Fall of Porcupine is a 2D story-driven adventure developed by Critical Rabbit and published by Assemble Entertainment. The game releases on June 15, 2023, on PC, Xbox, PlayStation and Nintendo Switch and had a prologue last year as well as being part of the recent LudoNarraCon event. This is a cozy and heartwarming game about a young pigeon named Finley who works at St. Ursula Hospital, giving us a tiny peak into life as a healthcare worker treating patients, and what he gets up to with friends in his downtime.
The first thing that attracted me to the game was the music track playing in the game’s release date trailer. I am dying to know if the song can be downloaded from somewhere as I don’t know the artist or title (nor does Shazam!), but it’s an amazing and chill song. The overall soundtrack for the game is super chill and really does set the mood and tone throughout. It was great background music when walking between locations and figuring out the minigames.
Finley has recently graduated as a doctor and is still new to working at the hospital, but he suffered a workplace accident recently. We start the game where Finley is in a dream-like state that introduces us to the colourful world and how to move and interact as Finley. After this sequence, we can look at his messages to gain a little bit of insight into Finley and his known contacts prior to and during the accident which sets the scene for some of the relationships Finley has in town.

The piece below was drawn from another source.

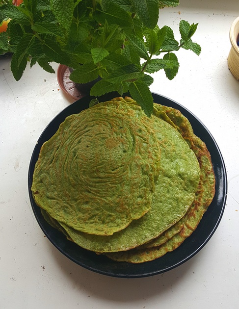 Do żółtych naleśników mogą pasować – zielone. Można je podawać z farszem mięsnym, w rodzaju sosu bolońskiego. Tak zrobiłam, układając je jak tort. Taką konstrukcję nazywamy „lazanją naleśnikową”. Niestety, w ferworze przygotowań nie zrobiłam potrawie zdjęć. Ale kiedyś na blogu już ją opisywałam, można więc znaleźć i jej obrazek. Z wierzchu posypuję ją startym serem i zapiekam.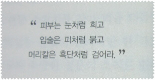 " 백설처럼 희고 정교한 얼굴 도톰한 입술 진실을 꿰뚫어 보는 듯한 검고 깊은 눈.... 너무도 닮았다. "

There are all sorts of characters we meet along the way to work at the hospital as Finley runs through town, finding out the bus has broken down. Most of the townsfolk are happy to have a chat to Finley and a little note about them is stored in Finley’s phone notes. The game’s artwork is fantastic with quirky animal character designs and the field of view zooms out slightly as Finley walks over a bridge or near a tree or landmark that we can interact with for a bit of history into Porcupine.
While working at the hospital, we are under the supervision of the strict and hard-as-nails Dr. Krokowski. We report in with her initially as she introduces us to our first patients, and then each shift that Finley’s works has new patient tasks in his phone task list. We only deal with three patients at a time, so it is not overwhelming at all, and after speaking with the patients, we go through several types of minigames where we adjust a patient’s medicine dosage, inject them with a needle, listen to their lungs, and more.
These minigames are mostly simple and test your logic, speed, patience and skill, but can be frustrating at first. There is a written explanation prior to starting each one, but it would have been great to have a small preview video of each new minigame type as you come across them. You read the text and think you are ready, and then it’s more a trial and error until you teach yourself the mechanics. Once you’ve completed each minigame type a couple of times, it does get a lot easier. That was until my first night shift.
Things start happening around the hospital and around town, especially at nighttime. The intensity of some of the minigames increased when on night shift, but it also depended on the urgency of treating particular patients. An incident happens at the hospital and Finley, along with a couple of friends, head to the pub to unwind. Whilst there, they run into a troublesome duo and a classic bar fight kicks off into another fighting minigame.
Other times we catch up with workmates or other townsfolk and other minigames occur, but more importantly we start to delve into some emotional moments for some of the characters. We meet one of our workmates and blow off some steam by shooting some hoops of basketball. Another time we head off into the woods where there is some platforming as we try to repair some stick effigies and uncover a haunting past.
Finley’s adventures (and misadventures) lead to sensitive territory dealing with themes like death, illness, mental health, and grief. Fall of Porcupine sensitively tackles each of these with approachable storylines, relatable characters, and resonating dialogue. It certainly touches the heart strings as you play through each scenario, and Finley’s happenings resonated with the work/life balance we all work towards, and it gave me a reminder to always reach out to your friends and family on a regular basis, and even more so when things feel a little off. I did find that the game didn’t save very often, and I lost some progress early on. Make sure you finish your work at the hospital each shift and get back home before logging out. There is a subtle white icon in the bottom right that indicates a save point, so look out for those.
Overall, Fall of Porcupine is a great game that is heartwarming and relaxing to play that gives us a tiny peak into the life of healthcare workers. The soundtrack is amazing as you help treat patients and help friends and other characters you meet along the way. Some of the situations you face are emotional, but the undertones remind you to look at your own life balance and reach out to friends and family when in need.